_BRIEF_
Go to the line with "Compatible with the" in the entries below and write out every line from there through the line with "Fine mint Hinged, part", exactly and without pictures.

_GIVEN INFORMATION_
....
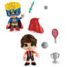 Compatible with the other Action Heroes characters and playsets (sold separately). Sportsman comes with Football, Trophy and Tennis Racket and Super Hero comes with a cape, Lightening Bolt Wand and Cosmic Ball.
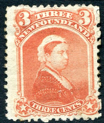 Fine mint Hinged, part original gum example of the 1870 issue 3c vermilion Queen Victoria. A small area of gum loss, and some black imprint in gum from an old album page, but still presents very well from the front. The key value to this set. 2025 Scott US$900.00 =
....
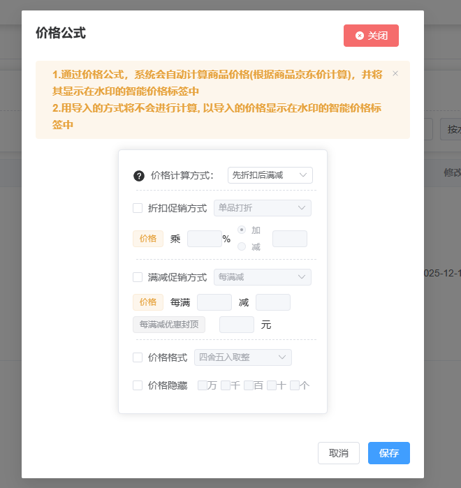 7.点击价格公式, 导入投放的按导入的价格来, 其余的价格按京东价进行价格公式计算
....
_SOLUTION FOR THIS TASK_
 Compatible with the other Action Heroes characters and playsets (sold separately). Sportsman comes with Football, Trophy and Tennis Racket and Super Hero comes with a cape, Lightening Bolt Wand and Cosmic Ball.
 Fine mint Hinged, part original gum example of the 1870 issue 3c vermilion Queen Victoria. A small area of gum loss, and some black imprint in gum from an old album page, but still presents very well from the front. The key value to this set. 2025 Scott US$900.00 =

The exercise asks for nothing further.